WORK INSTRUCTION: What is needed is an exact copy of every line from the one with "在之前的界面中添加一项【选择身份】,用来选择是管理员登录还是普通用户登录。" to the end of the entries below, without the pictures.

===============

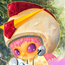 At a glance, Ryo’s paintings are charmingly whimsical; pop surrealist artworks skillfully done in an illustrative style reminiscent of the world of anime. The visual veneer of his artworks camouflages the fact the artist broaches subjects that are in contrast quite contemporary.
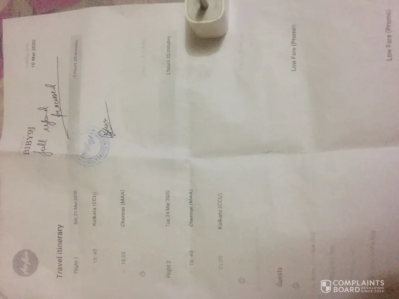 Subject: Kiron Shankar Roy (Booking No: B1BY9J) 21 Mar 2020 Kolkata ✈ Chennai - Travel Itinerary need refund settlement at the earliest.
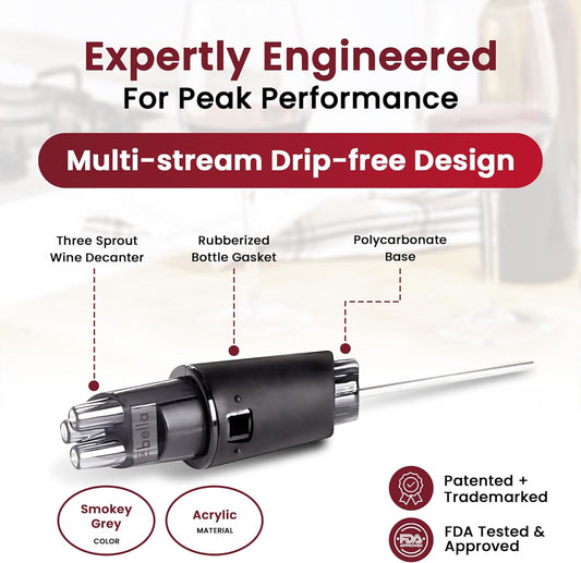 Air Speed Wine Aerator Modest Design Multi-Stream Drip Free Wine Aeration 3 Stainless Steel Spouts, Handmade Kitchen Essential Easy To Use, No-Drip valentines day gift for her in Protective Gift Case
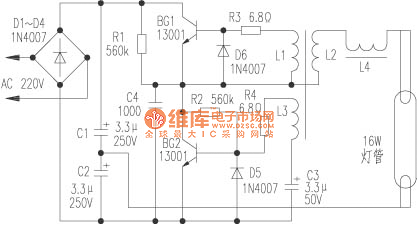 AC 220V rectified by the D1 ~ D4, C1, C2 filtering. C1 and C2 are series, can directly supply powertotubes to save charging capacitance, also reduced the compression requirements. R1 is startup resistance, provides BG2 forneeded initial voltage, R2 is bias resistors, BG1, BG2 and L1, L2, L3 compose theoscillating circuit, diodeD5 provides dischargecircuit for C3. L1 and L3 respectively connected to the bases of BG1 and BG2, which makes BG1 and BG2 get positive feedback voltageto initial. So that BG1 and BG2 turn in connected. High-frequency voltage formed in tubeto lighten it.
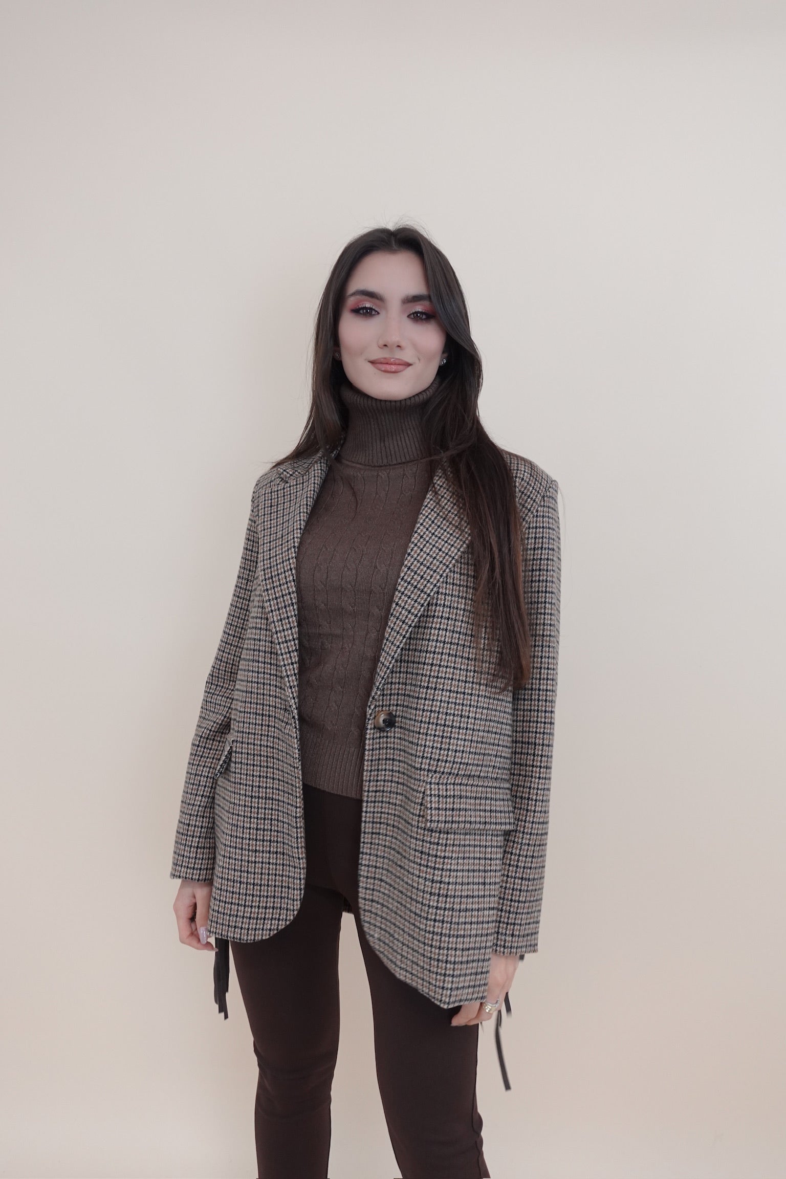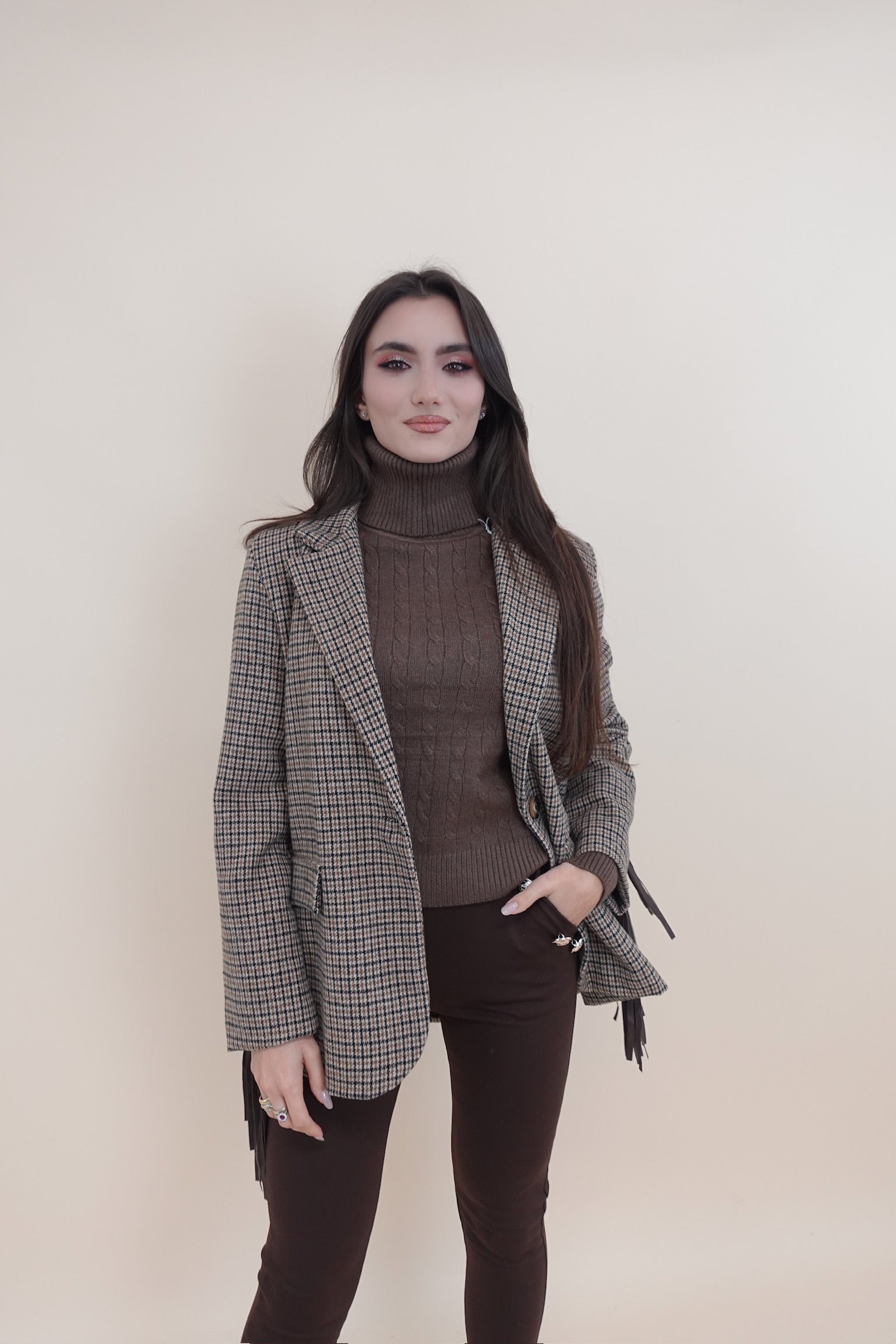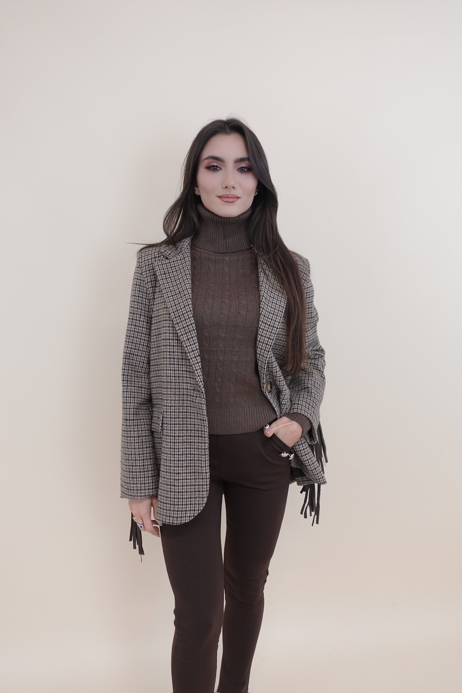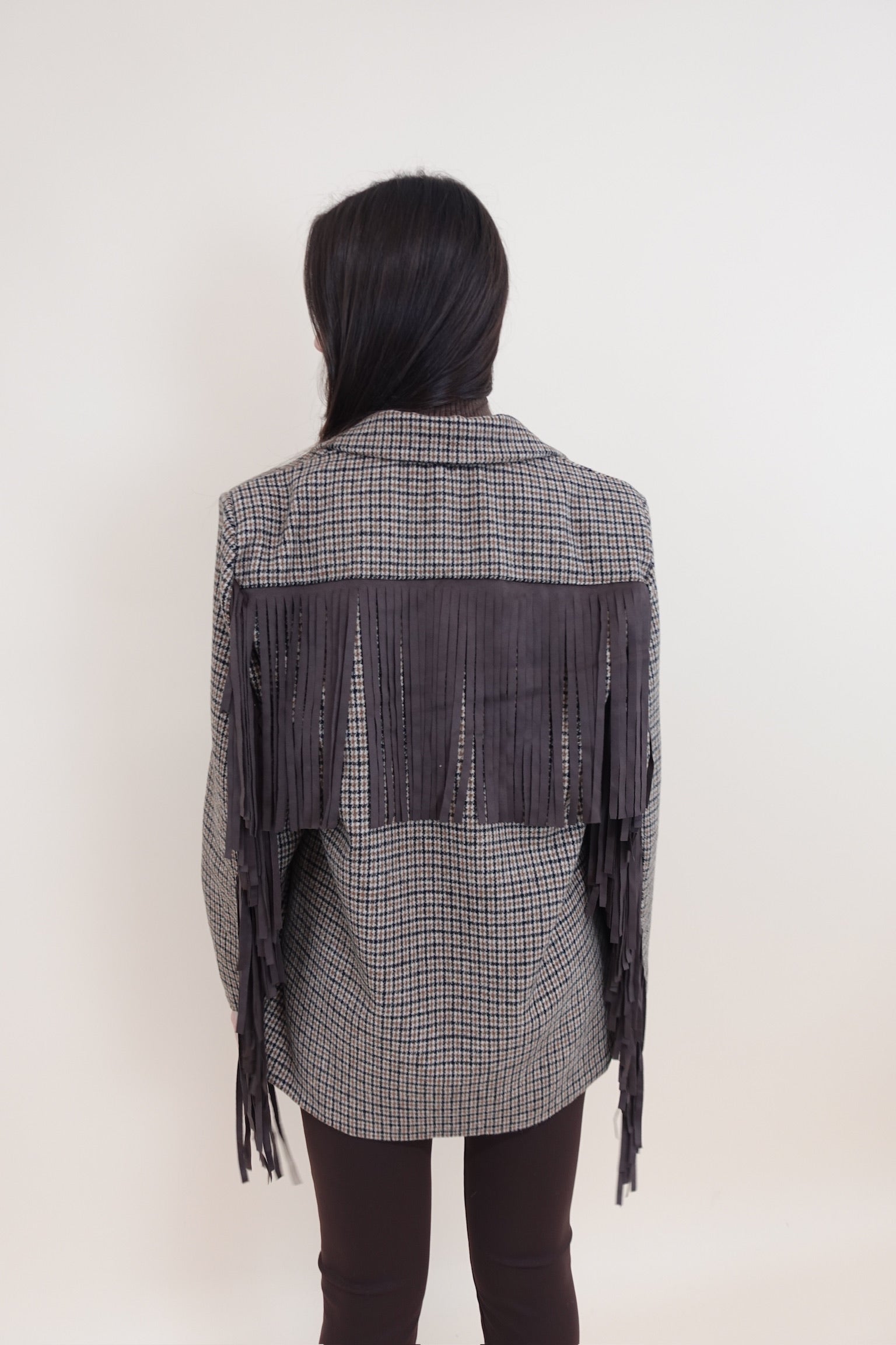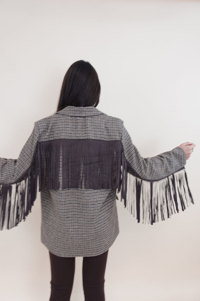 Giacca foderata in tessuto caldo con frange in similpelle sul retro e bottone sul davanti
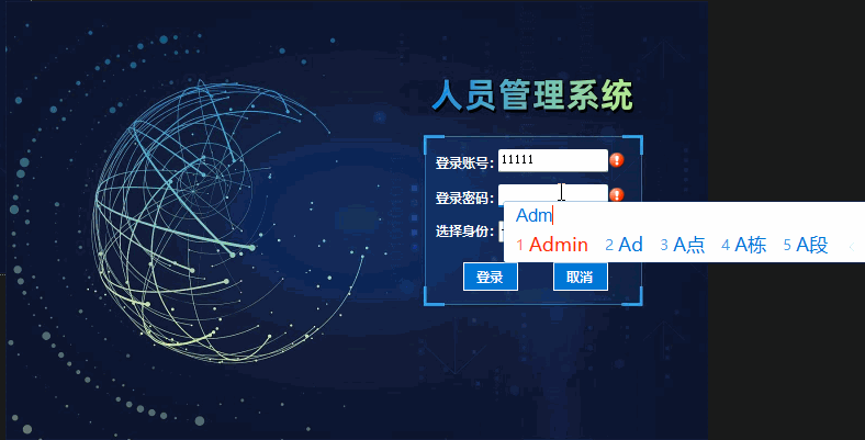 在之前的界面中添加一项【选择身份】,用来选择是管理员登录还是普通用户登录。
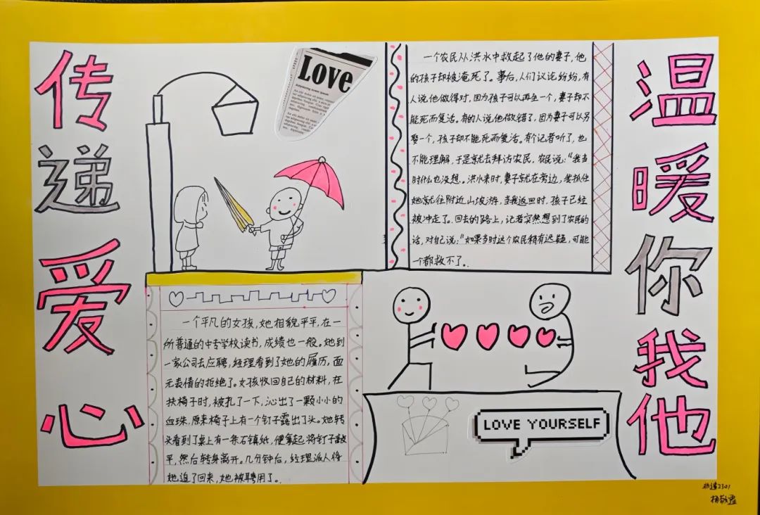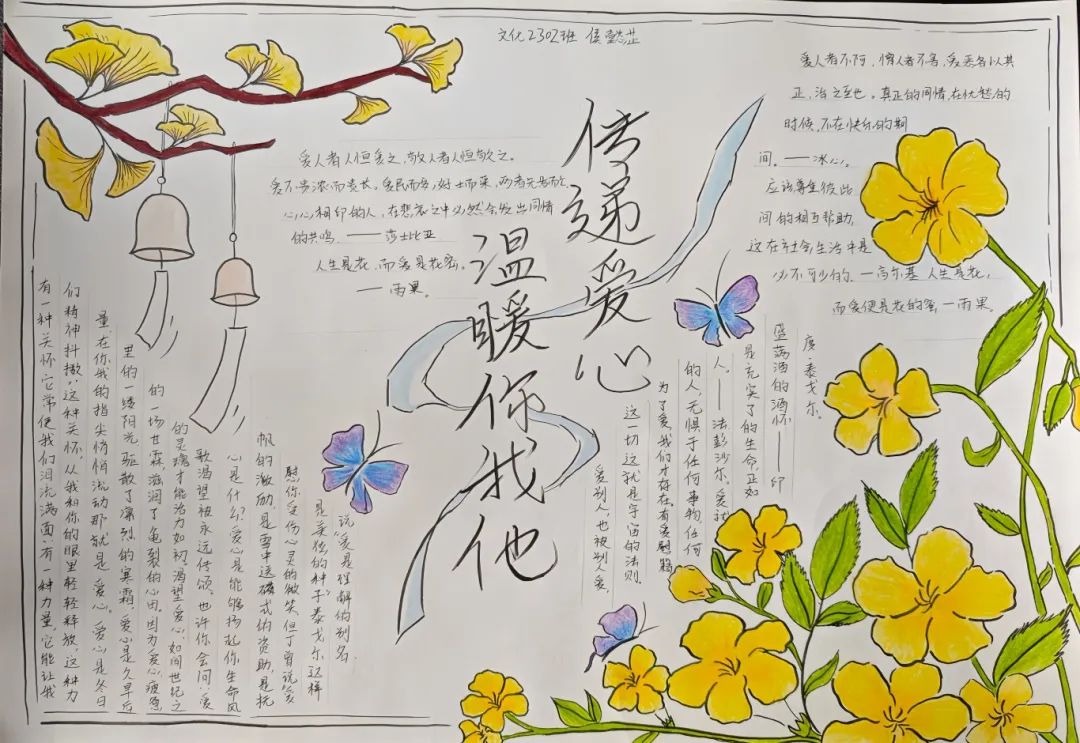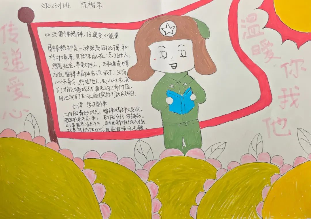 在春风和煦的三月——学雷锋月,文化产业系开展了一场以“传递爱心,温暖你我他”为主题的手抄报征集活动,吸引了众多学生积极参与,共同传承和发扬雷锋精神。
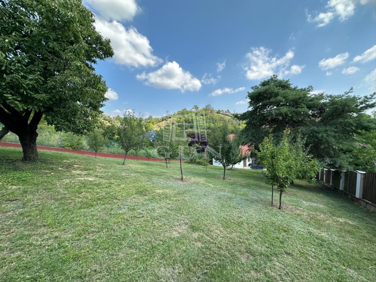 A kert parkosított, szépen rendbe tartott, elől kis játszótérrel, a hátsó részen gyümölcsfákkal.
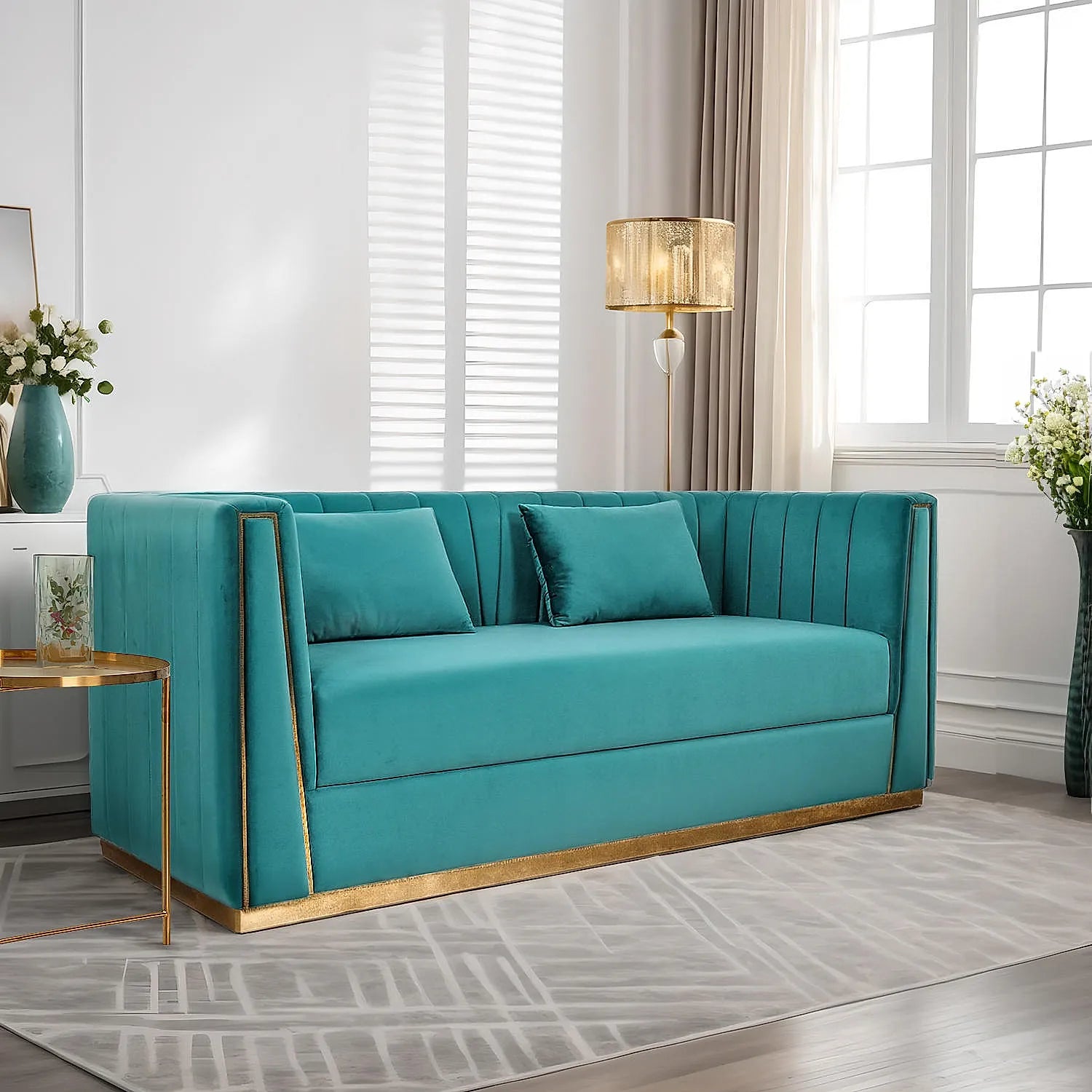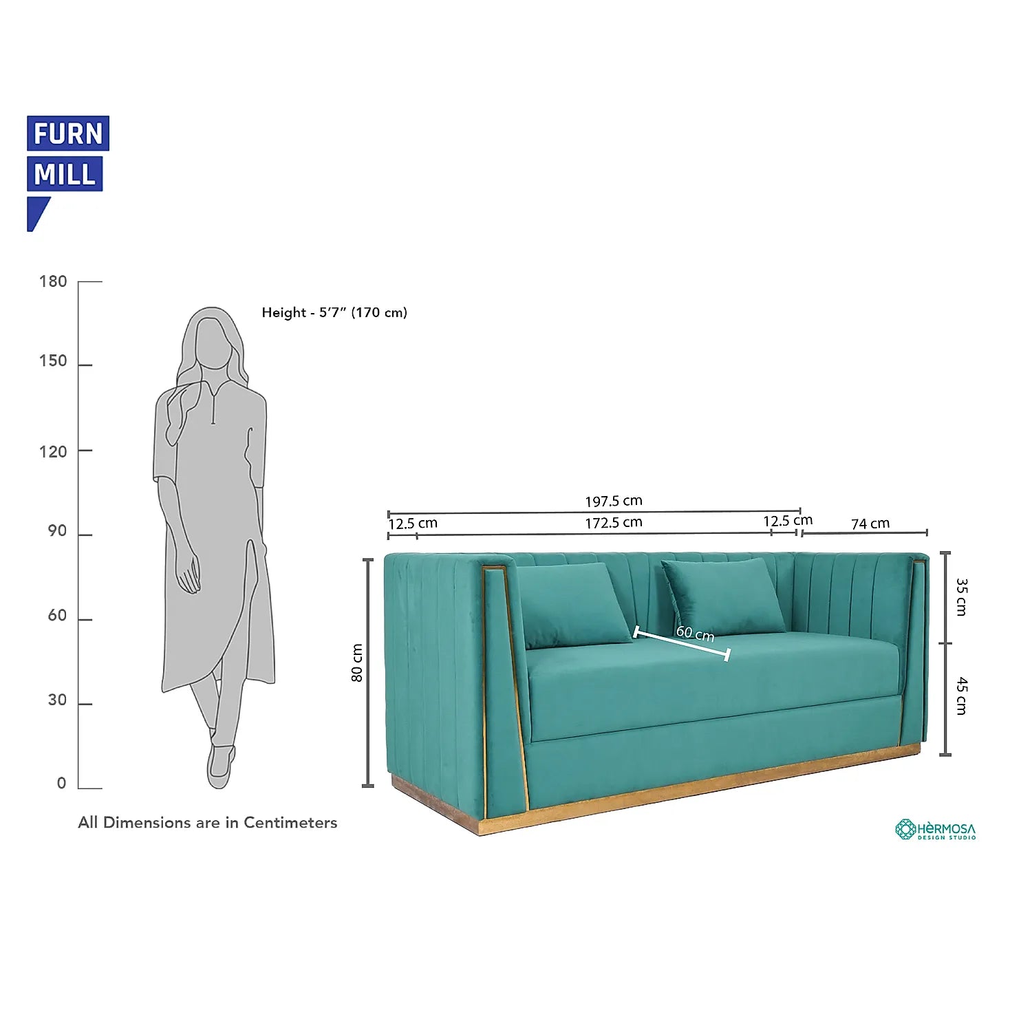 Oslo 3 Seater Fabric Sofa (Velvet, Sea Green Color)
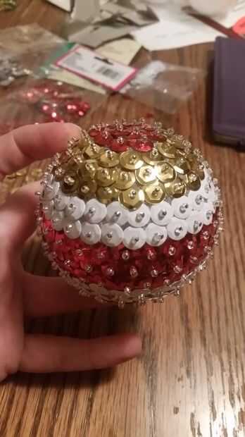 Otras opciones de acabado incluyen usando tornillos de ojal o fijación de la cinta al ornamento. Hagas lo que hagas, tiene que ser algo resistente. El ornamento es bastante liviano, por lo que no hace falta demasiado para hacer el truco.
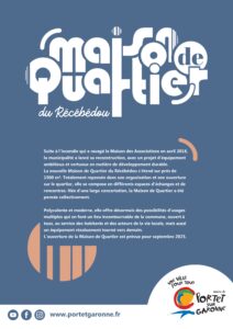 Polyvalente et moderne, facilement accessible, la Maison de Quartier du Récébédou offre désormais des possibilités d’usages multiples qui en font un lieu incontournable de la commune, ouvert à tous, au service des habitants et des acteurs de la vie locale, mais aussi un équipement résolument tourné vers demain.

===============

RESULT:
 在之前的界面中添加一项【选择身份】,用来选择是管理员登录还是普通用户登录。
 在春风和煦的三月——学雷锋月,文化产业系开展了一场以“传递爱心,温暖你我他”为主题的手抄报征集活动,吸引了众多学生积极参与,共同传承和发扬雷锋精神。
 A kert parkosított, szépen rendbe tartott, elől kis játszótérrel, a hátsó részen gyümölcsfákkal.
 Oslo 3 Seater Fabric Sofa (Velvet, Sea Green Color)
 Otras opciones de acabado incluyen usando tornillos de ojal o fijación de la cinta al ornamento. Hagas lo que hagas, tiene que ser algo resistente. El ornamento es bastante liviano, por lo que no hace falta demasiado para hacer el truco.
 Polyvalente et moderne, facilement accessible, la Maison de Quartier du Récébédou offre désormais des possibilités d’usages multiples qui en font un lieu incontournable de la commune, ouvert à tous, au service des habitants et des acteurs de la vie locale, mais aussi un équipement résolument tourné vers demain.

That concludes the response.